Assuming access to a dataset with a small number of samples\({\mathcal{D}}^{\text{fs}}=\{(x_i, y_i)\}_{i=1}^{KN}\) which\(x_i\) is an image that\(y_i \in \{1,2,\cdots\!, N\}\) is it labeled.\(K\) is the number of samples in each category.\(N\) is the number of categories. To match the distribution of the real data, a dataset with a small number of samples is used\({\mathcal{D}}^{\text{fs}}\) Perform fine-tuning. Specifically, LoRA weights are introduced in the text encoder and U-net of the diffusion model, where they are chosen to effectively tune the parameters of the attention layers. For each attention layer, consider the query, key, value and output projection matrices\(W_q\), \(W_k\), \(W_v\), \(W_o\), in each matrix, the linear projection is replaced by the
included among these\(h\) denotes the input/output activation of the projection, which ultimately yields each attention layer\(l\) trainableLoRA
weights\(\delta^{(l)} = \{A_{\star}, B_{\star} | \forall \star \in \{q, k, v, o\}\}\) . Bias weights are omitted to simplify notation. All other model parameters (including\(W_{\star}\) ) remains unchanged, while\(\delta\) The weights are then optimized by gradient descent.
In order to model diffusion from a pre-trainedcheckpoint
Start training with the weight matrix\(B_{\star}\) is initialized to zero, and the\(A_{\star}\) are then randomly initialized. Thus, the fine-tuned weights of the combination\(B_{\star} A_{\star}\) initially zero and gradually learn modifications to the original pre-training weights. At the time of testing, theLoRA
Weights can be updated by updating the weights\(W^{\text{(ft)}}_{\star} =W_{\star} + B_{\star} A_{\star}\) integrated into the model, making the inference time the same as the pre-trained model. Compare this with theDreamBooth
In contrast, not fine-tuning all network weights and not adding retention loss, whose regularization would prevent strong alignment with the real image.

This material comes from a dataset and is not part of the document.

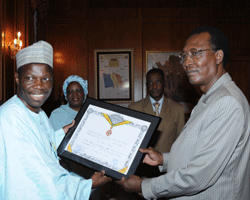 Après quatre années de mission diplomatique au Tchad, léAmbassadeur extraordinaire et plénipotentiaire de la République Fédérale du Nigéria auprès de la République du Tchad, Abdullahi Azukutenyi Omaki est arrivé au terme de sa mission. Accompagné de son épouse, le diplomate nigérian est venu au palais présidentiel remercier le Chef de léÉtat pour sa disponibilité. Tout au long de son séjour au pays de Toumaï, Abdullahi Azukutenyi Omaki a contribué à renforcer léaxe NéDjaména-Abuja. Céest pourquoi, le Chef de léÉtat IDRISSS DEBY ITNO a tenu à léélever au rang déofficier de léordre national du Tchad. En faisant ses adieux au Président de la République, le diplomate nigérian a tenu à lui exprimer toute sa reconnaissance pour le soutien dont il a bénéficié durant sa mission au Tchad. La coopération bilatérale liant NéDjaména et Abuja se porte très bien, et cela se justifie par les multiples contacts entre le Président de la République IDRISS DEBY ITNO et son homologue Goodluck Ebélé Jonathan.

Consider two settings further:1
) \(\text{DataDream}_{\text{dset}}\) In this setup, the entire dataset in the\({\mathcal{D}}^{\text{fs}}\) for training diffusion models onLoRA
Weights.2
) \(\text{DataDream}_{\text{cls}}\) In this setup, for each category in the dataset, initialize the\(N\) organizeLoRA
weights\(\{\delta_n|n=1,\cdots\!,N\}\) , each set of weights is specific to the subset\({\mathcal{D}}^{\text{fs}}_{n} = \{(x,y)| (x,y) \!\in {\mathcal{D}}^{\text{fs}}, y\!=\!n\}\) Conduct training.
exist\(\text{DataDream}_{\text{dset}}\) In the setup, the original model parameters\(\theta\) remains unchanged, with only theLoRA
The weights are trained and the objective function is
exist\(\text{DataDream}_{\text{cls}}\) In the setup, the\({\mathcal{D}}^{\text{fs}}_{n}\) cap (a poem)\(\delta_n\) Replacement of\({\mathcal{D}}^{\text{fs}}\) cap (a poem)\(\delta\) . Since a text-to-image diffusion model is used, by means of the function\(C\) Defines the text condition that will label the\(y\) (i.e., class names) maps to the use of standard templates "a photo of a
[CLS
]" prompt. This prompt is passed through the text encoder and used in the decoding step of the diffusion model.
Both setups have different advantages. In the\(\text{DataDream}_{\text{dset}}\) In this case, theLoRA
Weight sharing allows knowledge transfer about common features across the entire dataset. This is beneficial for fine-grained datasets that share coarse-grained features across categories. On the other hand.\(\text{DataDream}_{\text{cls}}\) More weights were assigned to learning the details of each category, which allowed the generative model to better align with the data distribution of each category.
After adapting the diffusion model to the sample less dataset, the adapted model was used to generate for each category under the same textual cue conditions500
image, the text prompt is associated with theDataDream
used are the same, resulting in a synthetic dataset\({\mathcal{D}}^{synth}\) . In using only synthesized images or a combination of synthesized and real less sample images\({\mathcal{D}}^{fs}\) Train the classifier on it.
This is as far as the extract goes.